Shown below are entries with pictures; the line with "7月21日下午,市委党校青年" through the line with "화이트 레이스 셔츠 드레스" is the span to retype exactly, and the pictures stay out.
START SUPPLIED RECORDS
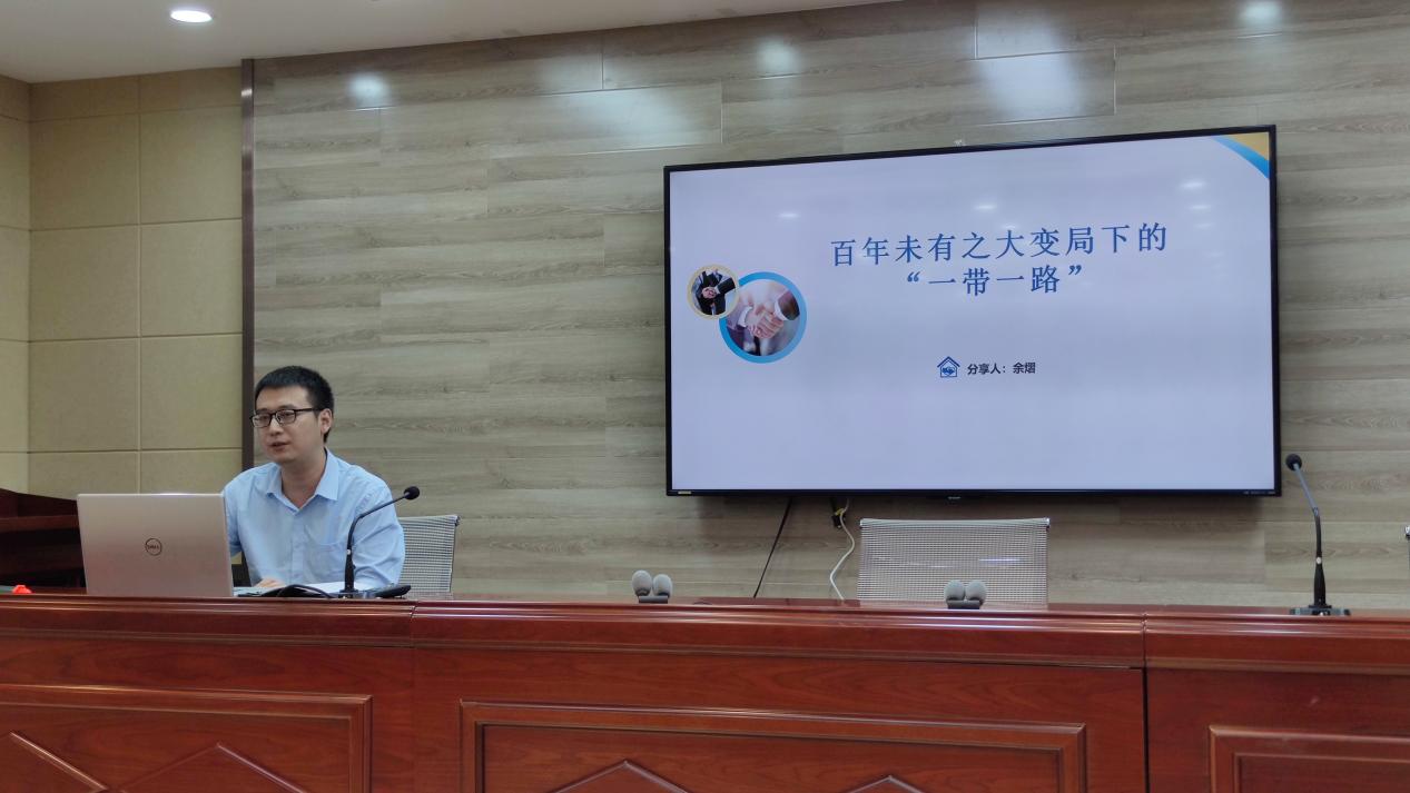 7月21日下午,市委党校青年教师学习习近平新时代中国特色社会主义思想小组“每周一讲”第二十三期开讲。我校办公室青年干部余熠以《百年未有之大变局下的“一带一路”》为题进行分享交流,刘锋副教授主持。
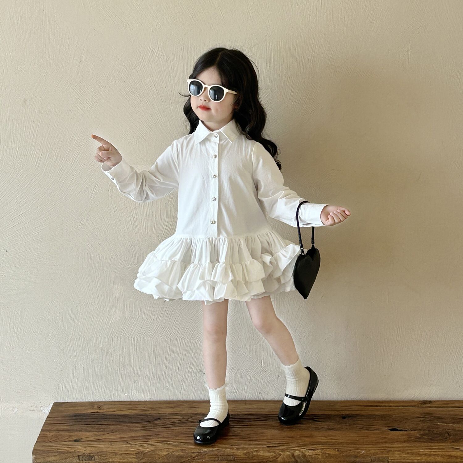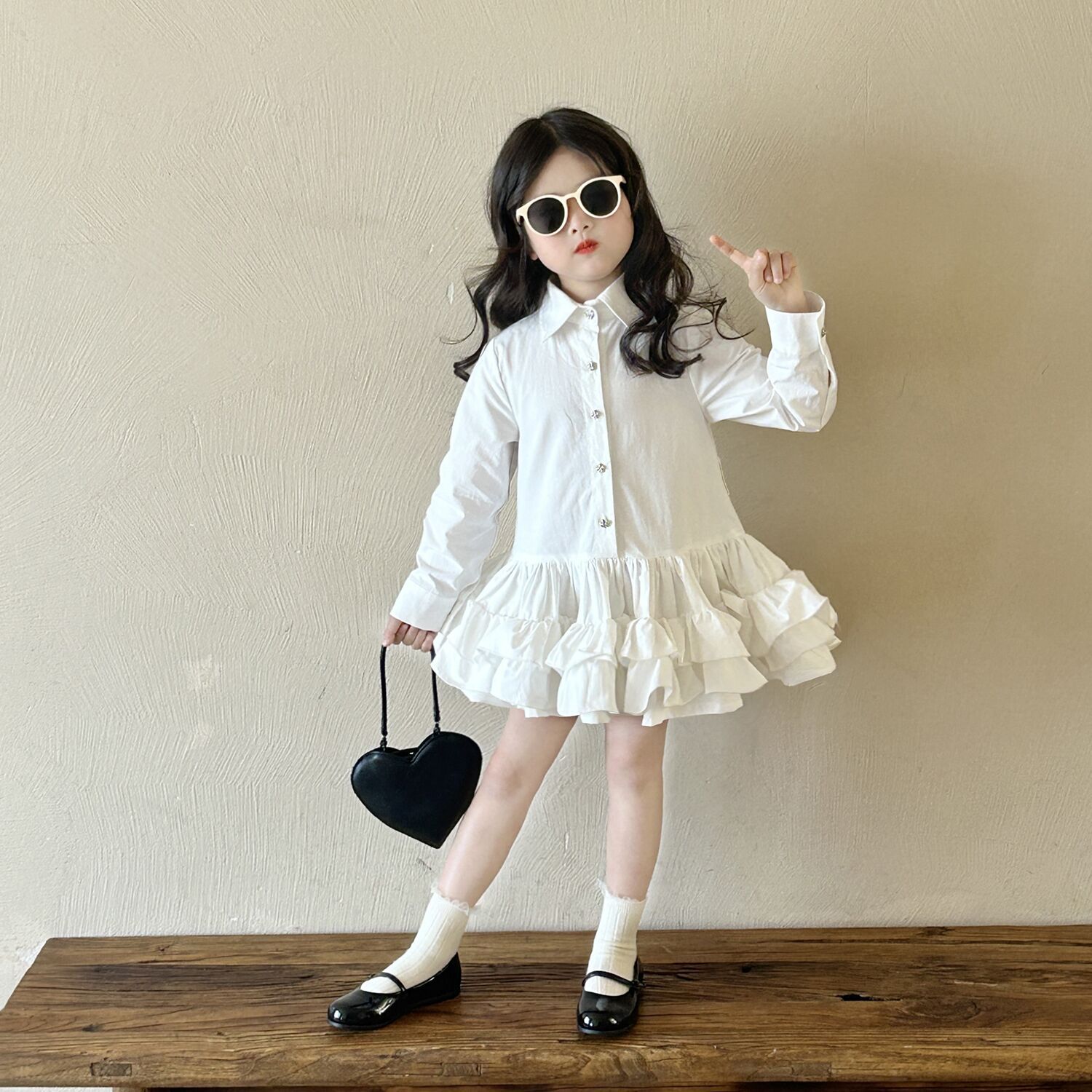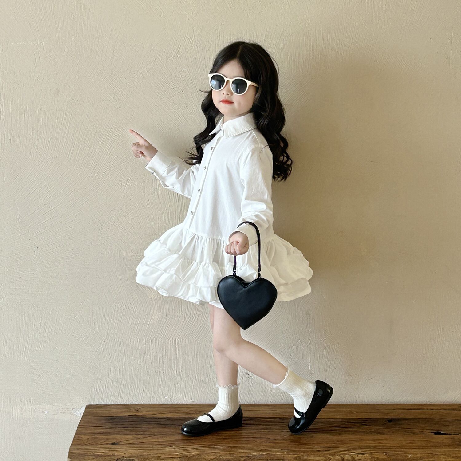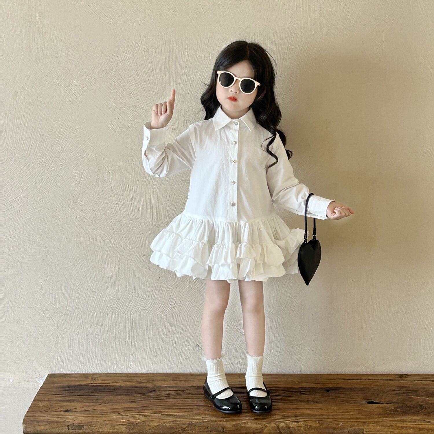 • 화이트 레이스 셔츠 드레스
END SUPPLIED RECORDS
START SUPPLIED RECORDS
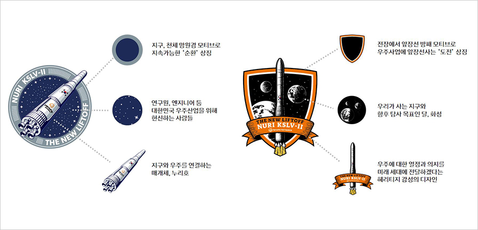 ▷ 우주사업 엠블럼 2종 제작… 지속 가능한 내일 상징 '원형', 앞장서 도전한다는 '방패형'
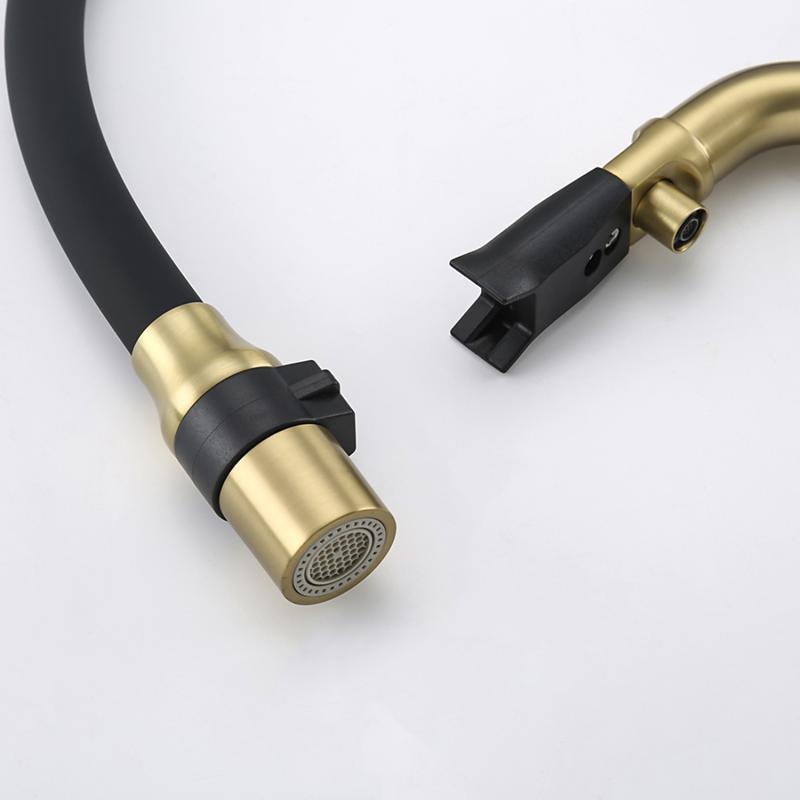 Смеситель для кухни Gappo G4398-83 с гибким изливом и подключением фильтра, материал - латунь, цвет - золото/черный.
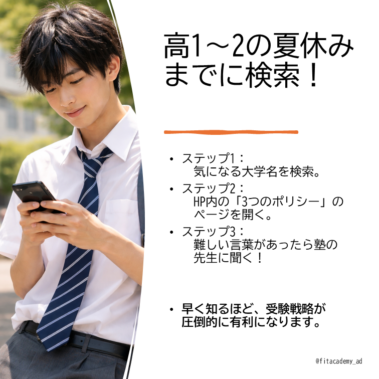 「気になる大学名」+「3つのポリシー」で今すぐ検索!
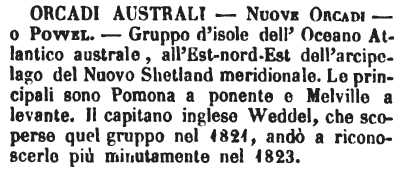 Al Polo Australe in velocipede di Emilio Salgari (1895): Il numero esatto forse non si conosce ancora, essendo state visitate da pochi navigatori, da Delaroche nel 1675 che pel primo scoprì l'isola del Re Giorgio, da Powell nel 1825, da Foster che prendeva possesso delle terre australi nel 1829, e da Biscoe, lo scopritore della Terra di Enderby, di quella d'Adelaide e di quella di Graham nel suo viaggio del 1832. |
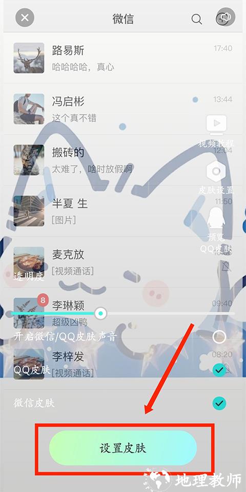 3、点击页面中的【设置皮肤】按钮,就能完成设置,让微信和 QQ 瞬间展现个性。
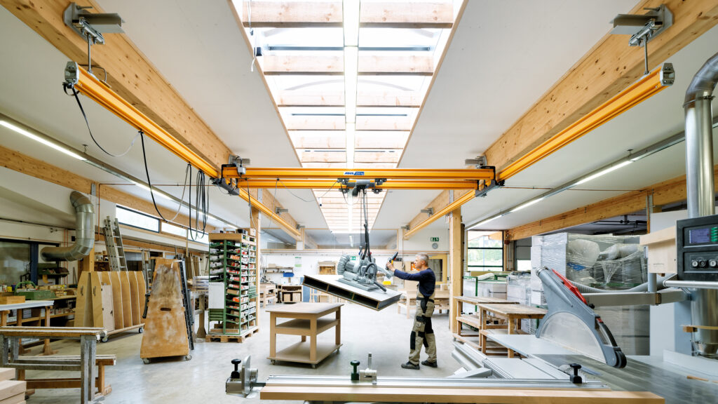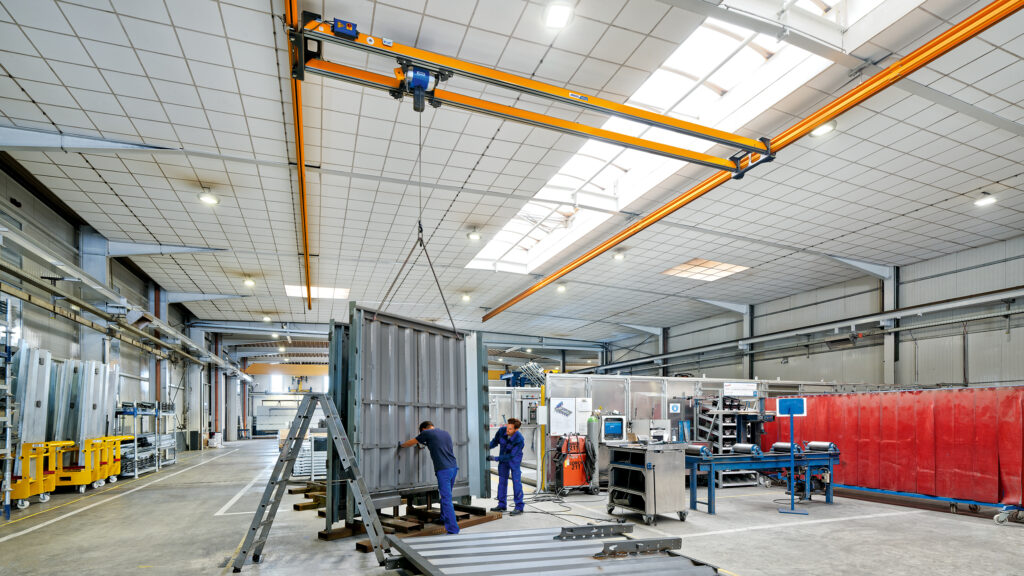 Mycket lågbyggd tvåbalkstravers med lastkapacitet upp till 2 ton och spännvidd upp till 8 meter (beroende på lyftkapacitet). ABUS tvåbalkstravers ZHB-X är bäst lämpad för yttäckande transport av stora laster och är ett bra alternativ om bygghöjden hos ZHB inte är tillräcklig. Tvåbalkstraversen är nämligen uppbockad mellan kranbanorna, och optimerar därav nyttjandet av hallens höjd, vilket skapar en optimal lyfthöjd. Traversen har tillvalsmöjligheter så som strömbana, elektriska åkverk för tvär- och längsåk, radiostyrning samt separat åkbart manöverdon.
END SUPPLIED RECORDS
START SUPPLIED RECORDS
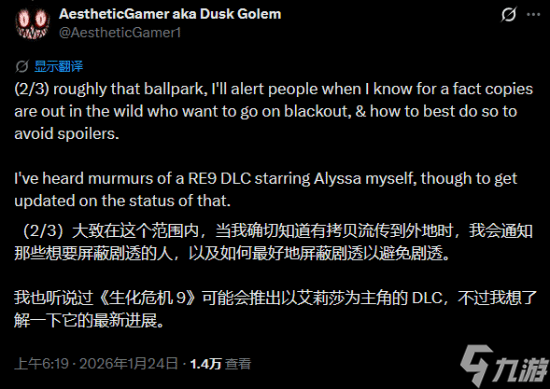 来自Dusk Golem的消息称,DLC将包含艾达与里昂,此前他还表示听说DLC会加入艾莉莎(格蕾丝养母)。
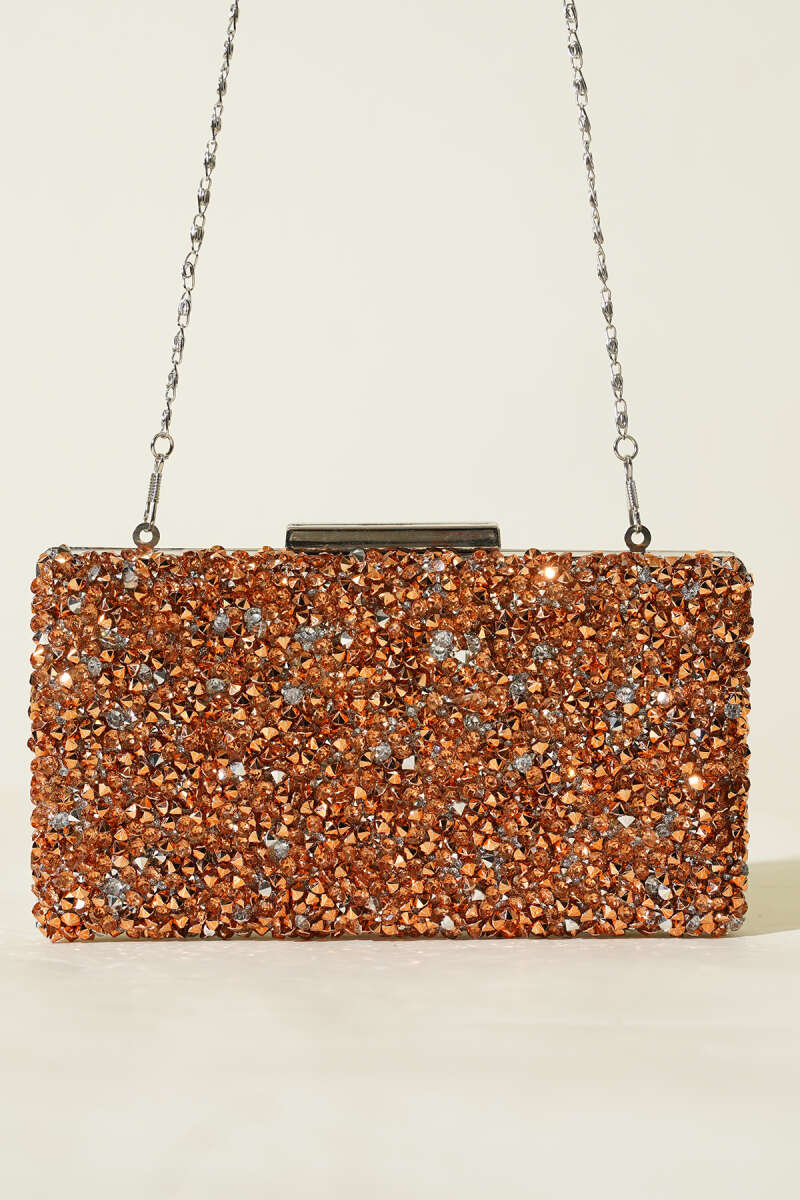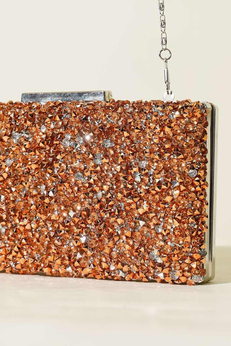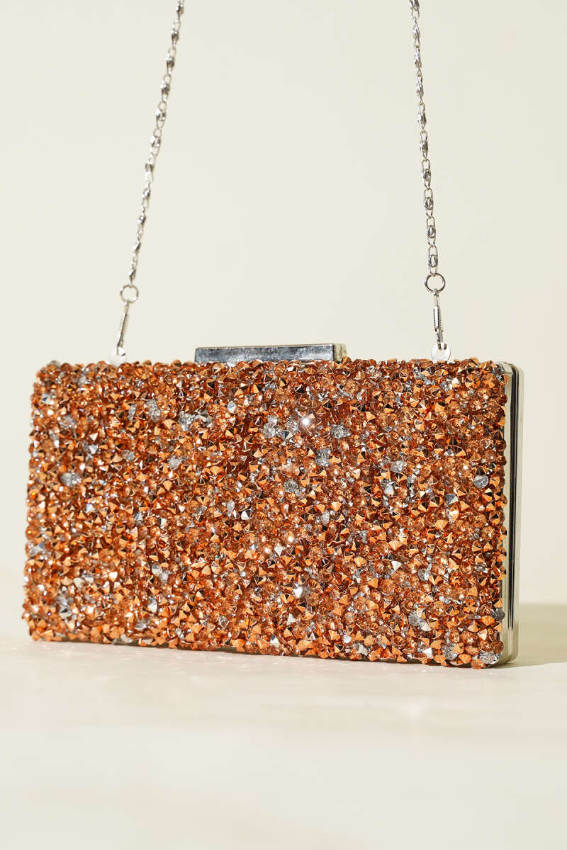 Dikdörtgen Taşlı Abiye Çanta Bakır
END SUPPLIED RECORDS
▸ WRITTEN REPLY
 7月21日下午,市委党校青年教师学习习近平新时代中国特色社会主义思想小组“每周一讲”第二十三期开讲。我校办公室青年干部余熠以《百年未有之大变局下的“一带一路”》为题进行分享交流,刘锋副教授主持。
 • 화이트 레이스 셔츠 드레스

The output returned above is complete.